Un incontro importante nel quale si è discusso sulla sorte della Provincia di Benevento all’indomani del decreto Monti sulla razionalizzazione delle spesa pubblica, che vedrà a breve la provincia di Benevento rientrare tra quelle che saranno accorpate.

All’unisono – spiega il comunicato – si è levato il coro sulla necessità di coinvolgere nelle scelte i cittadini che sono i veri protagonisti e gli attori di questa dolorosa vicenda che vede il concreto rischio di soppressione dopo ben 150 anni di attività istituzionale.

Di qui l’urgenza di indire un’autoconvocazione per il 14 luglio a Pietrelcina di sindaci, associazioni, movimenti e cittadini per avviare quel processo referendario, invano chiesto da più di un anno dal comitato Salviamo il Sannio.

E’ questa – si legge nel comunicato – l’ultima possibilità che rimane alla provincia sannita di evitare che la ventilata ipotesi di soppressione si concretizzi, con il risultato di impoverire ancor più le popolazioni, con una desertificazione sociale ed economica che determinerà la fuga delle giovani generazioni e la condanna ad un isolamento da cui non si potrà più uscire.

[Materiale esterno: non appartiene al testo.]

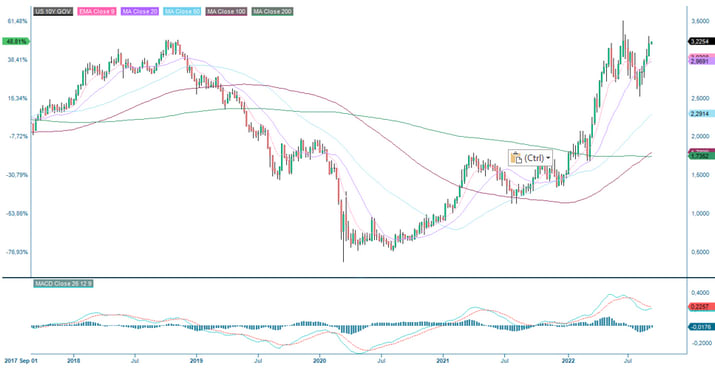 US 10-year Treasury Bond (in %), a weekly five-year price chart
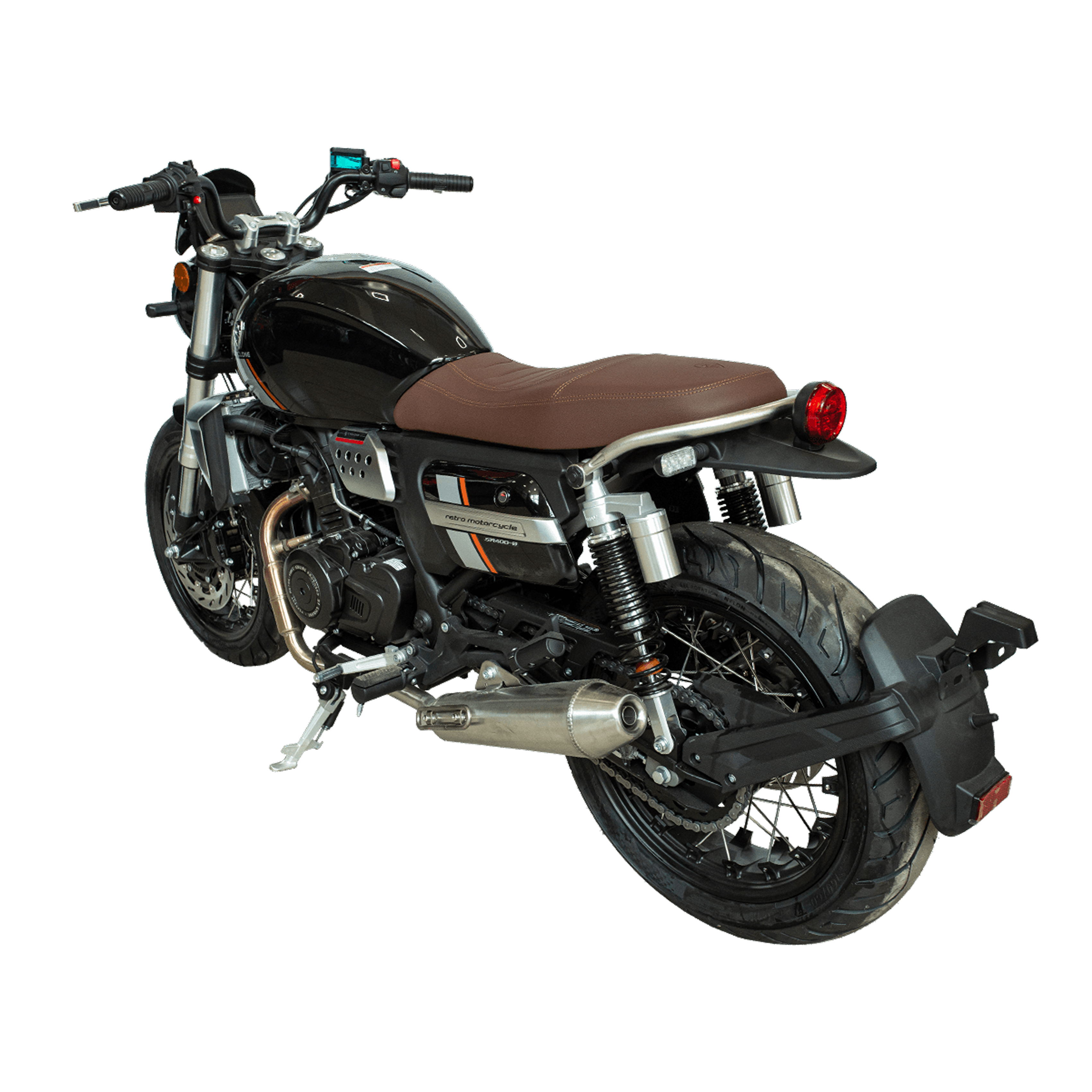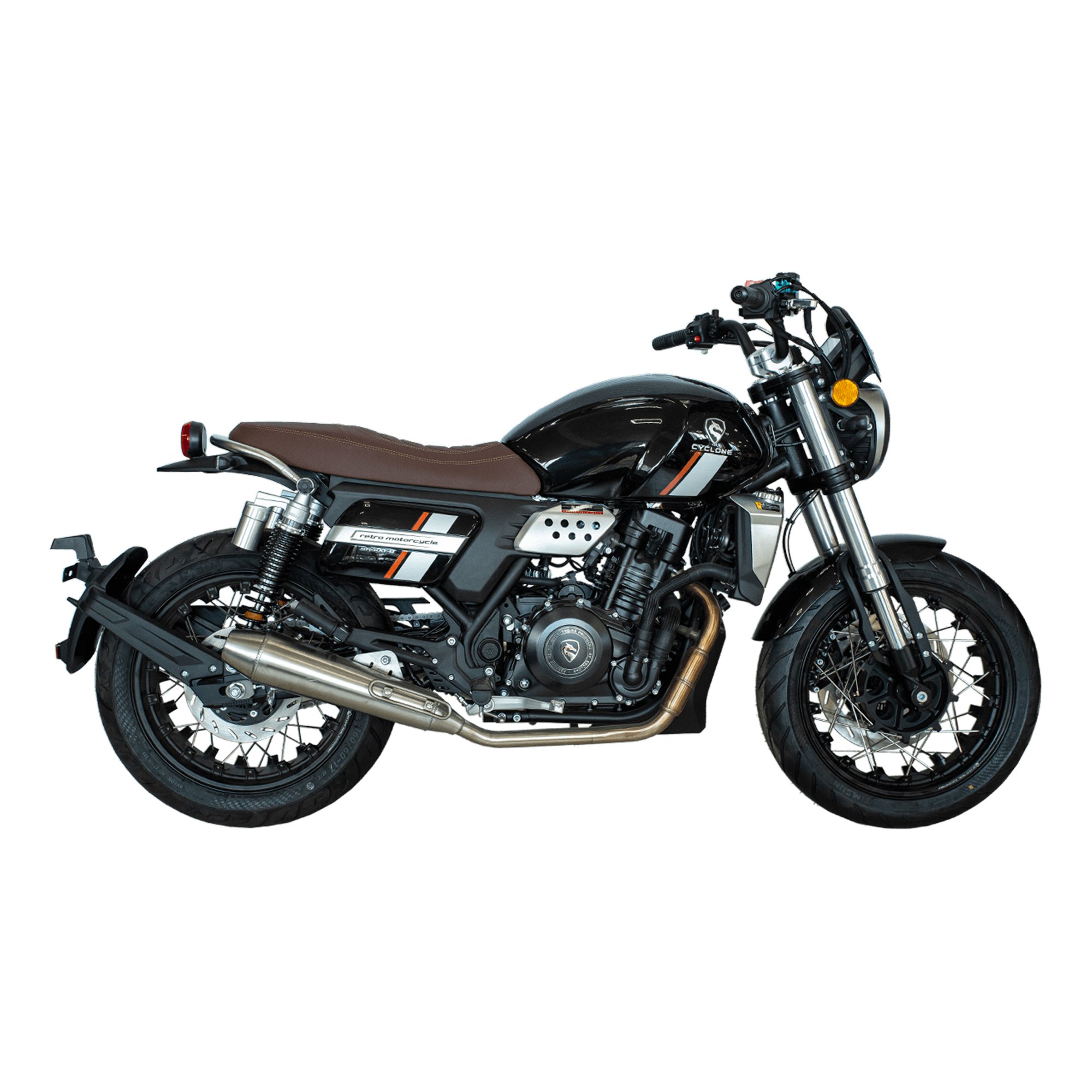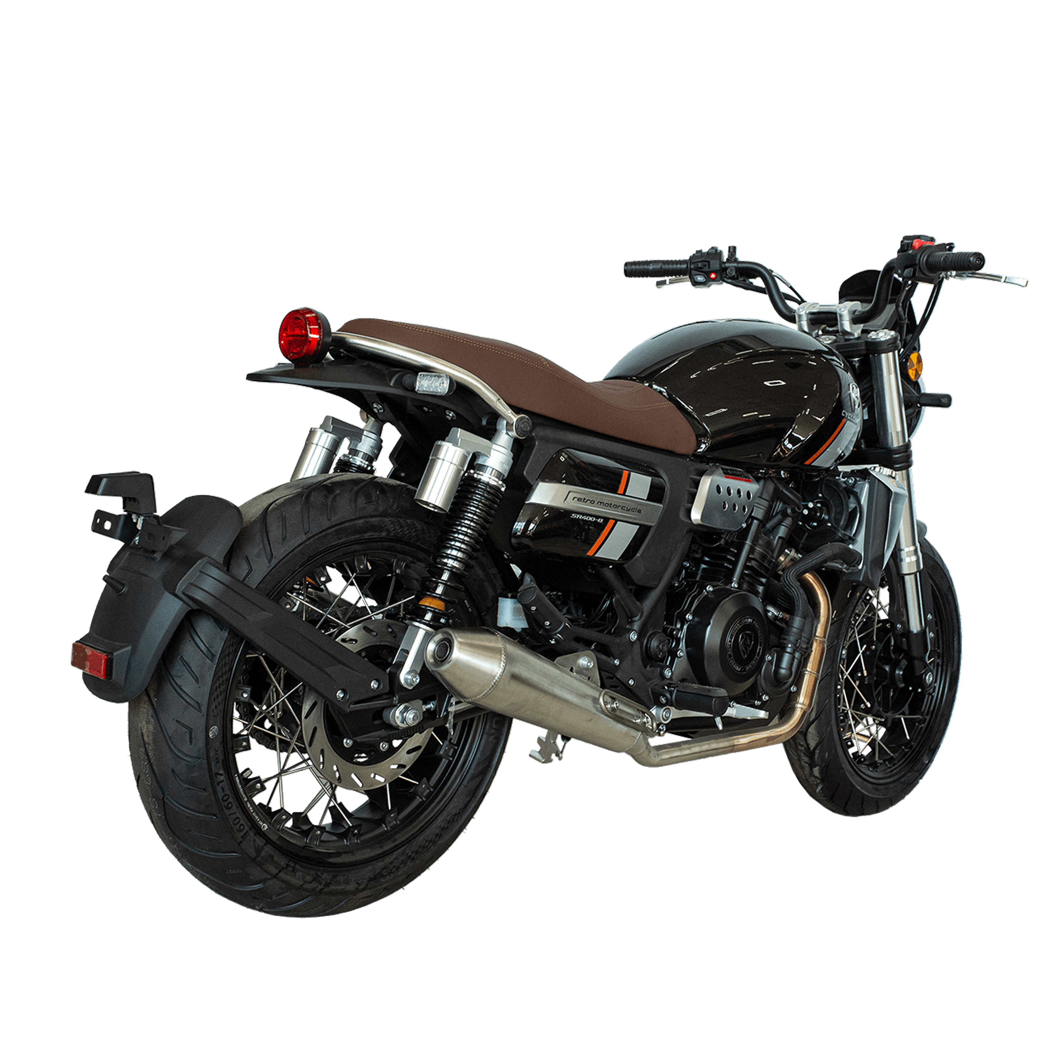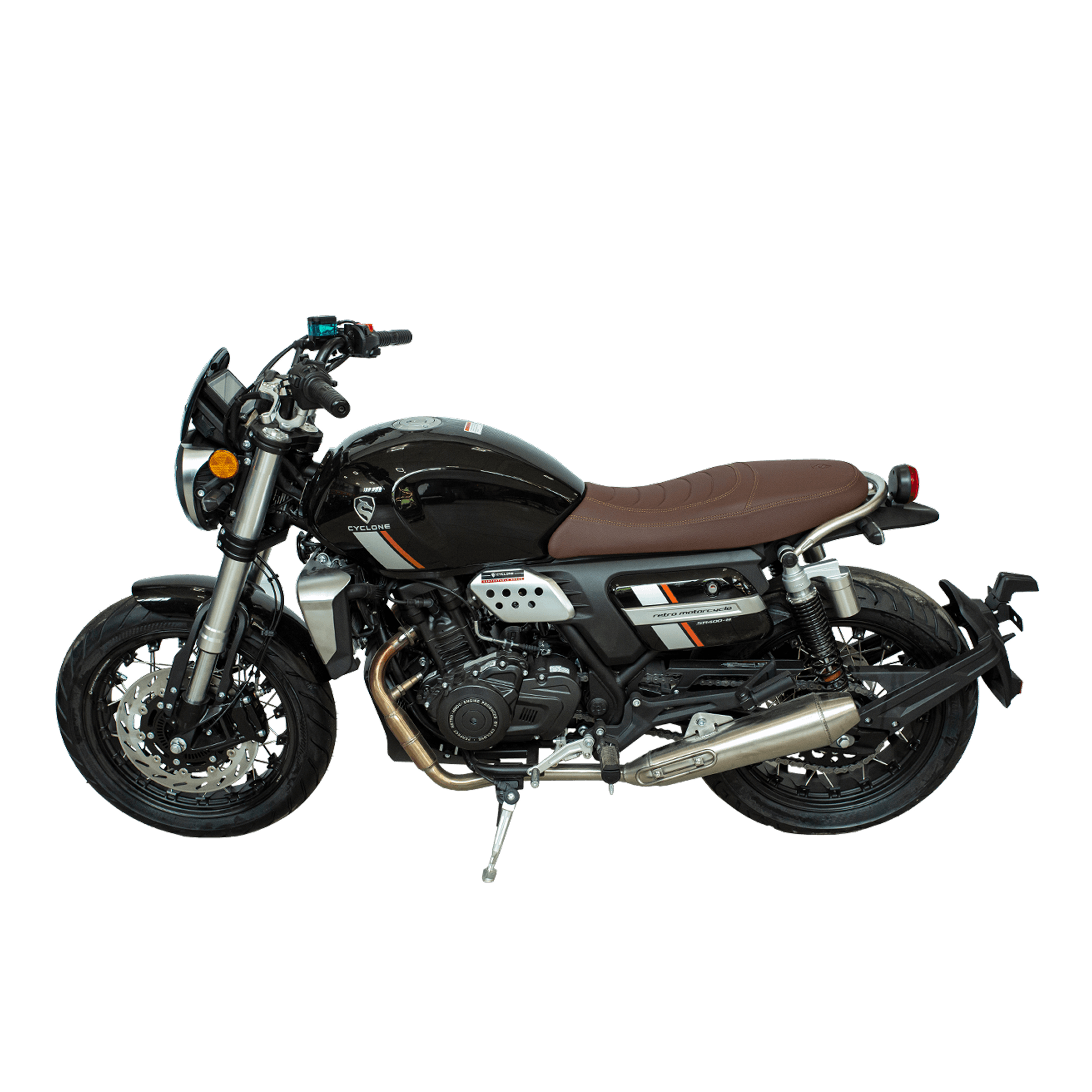 Дождевик для транспортаCyclone RE401 (SR400-B) — классический дорожный мотоцикл с харизматичным характером и солидной начинкой. Его сердце — современный двухцилиндровый четырёхтактник объёмом 401 см³ с жидкостным охлаждением и инжектором BOSCH, уверенно генерирующий около 43 л. с. при 9500 об/мин и обещающий ровную тягу даже при высоких оборотах. Тихий и мягкий старт обеспечивается за счёт придворной технологии впрыска, а шестиступенчатая механика с цепным приводом позволяет чётко контролировать динамику и плавность переключений.

Solo una decisone democratica e popolare – conclude la nota – potrà stabilire il nuovo corso della storia. Ecco perché i cittadini del Sannio chiedono a gran voce che la provincia dia la parola ai cittadini, altrimenti gli attuali rappresentanti provinciali dovranno assumersi la responsabilità storica di aver negato l’unica possibilità di uscire dal baratro dove la provincia di Benevento sta sprofondando.